**PROBLEM**
Please reproduce the listing verbatim, without its images.

**MATERIAL TO PROCESS**
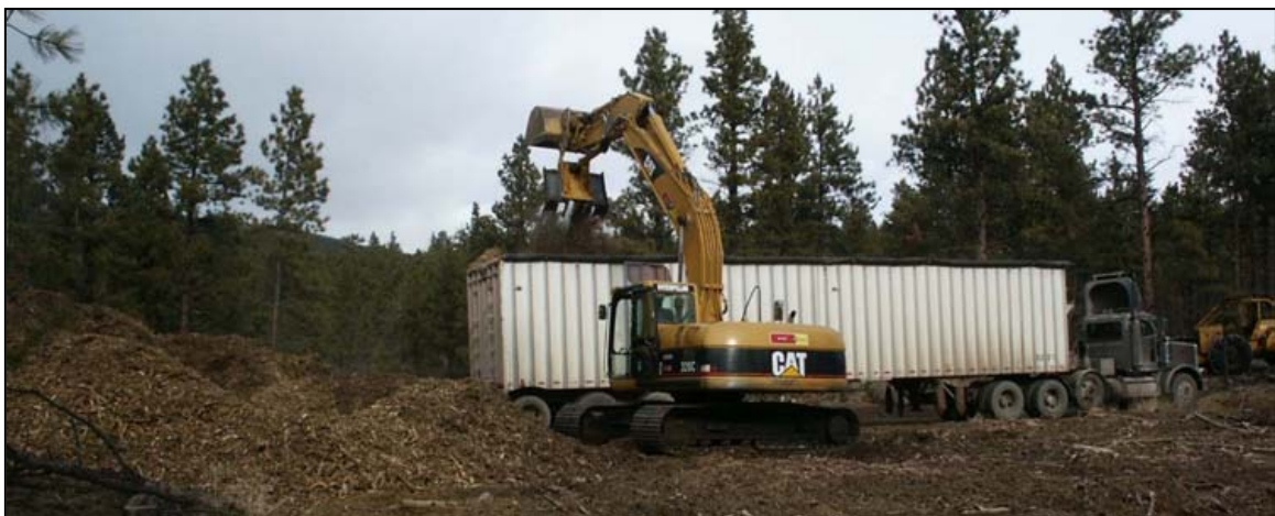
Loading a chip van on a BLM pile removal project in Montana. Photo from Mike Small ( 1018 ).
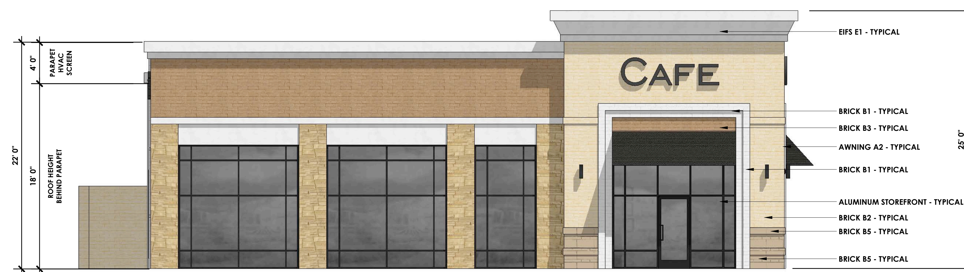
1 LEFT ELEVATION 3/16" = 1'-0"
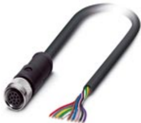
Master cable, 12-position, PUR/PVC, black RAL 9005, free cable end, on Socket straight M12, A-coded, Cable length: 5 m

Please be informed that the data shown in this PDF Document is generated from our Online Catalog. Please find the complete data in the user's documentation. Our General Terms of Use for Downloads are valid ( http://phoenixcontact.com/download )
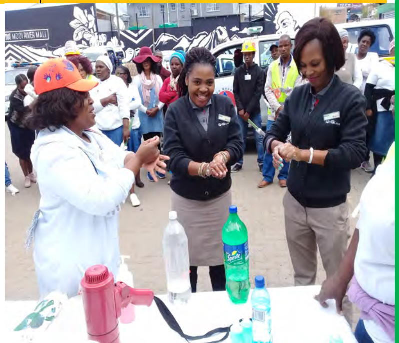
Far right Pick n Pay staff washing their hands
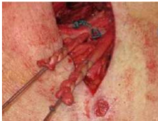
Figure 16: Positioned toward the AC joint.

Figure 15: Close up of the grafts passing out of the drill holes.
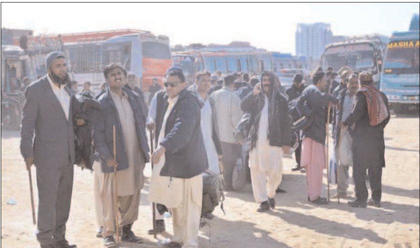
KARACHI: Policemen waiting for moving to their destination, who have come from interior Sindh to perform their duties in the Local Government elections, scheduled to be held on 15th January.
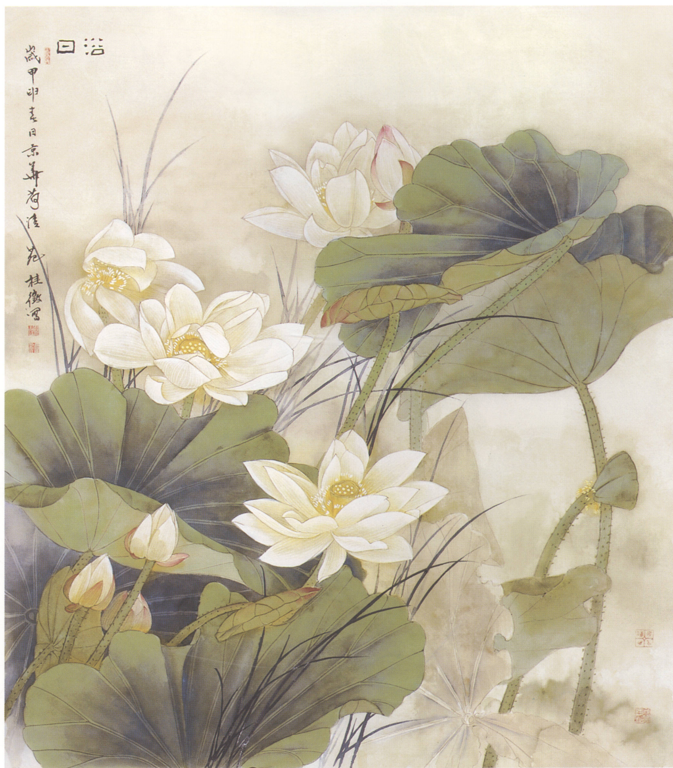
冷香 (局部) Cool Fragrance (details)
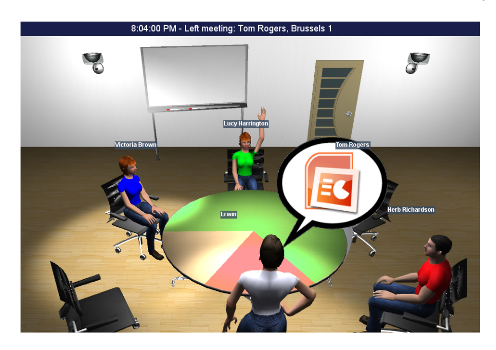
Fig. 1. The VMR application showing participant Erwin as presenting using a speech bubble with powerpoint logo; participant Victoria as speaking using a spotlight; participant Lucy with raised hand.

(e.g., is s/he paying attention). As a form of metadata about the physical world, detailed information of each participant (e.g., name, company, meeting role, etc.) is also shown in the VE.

**SOLUTION BELOW**
Loading a chip van on a BLM pile removal project in Montana. Photo from Mike Small ( 1018 ).
1 LEFT ELEVATION 3/16" = 1'-0"
Master cable, 12-position, PUR/PVC, black RAL 9005, free cable end, on Socket straight M12, A-coded, Cable length: 5 m

Please be informed that the data shown in this PDF Document is generated from our Online Catalog. Please find the complete data in the user's documentation. Our General Terms of Use for Downloads are valid ( http://phoenixcontact.com/download )
Far right Pick n Pay staff washing their hands
Figure 16: Positioned toward the AC joint.

Figure 15: Close up of the grafts passing out of the drill holes.
KARACHI: Policemen waiting for moving to their destination, who have come from interior Sindh to perform their duties in the Local Government elections, scheduled to be held on 15th January.
冷香 (局部) Cool Fragrance (details)
Fig. 1. The VMR application showing participant Erwin as presenting using a speech bubble with powerpoint logo; participant Victoria as speaking using a spotlight; participant Lucy with raised hand.

(e.g., is s/he paying attention). As a form of metadata about the physical world, detailed information of each participant (e.g., name, company, meeting role, etc.) is also shown in the VE.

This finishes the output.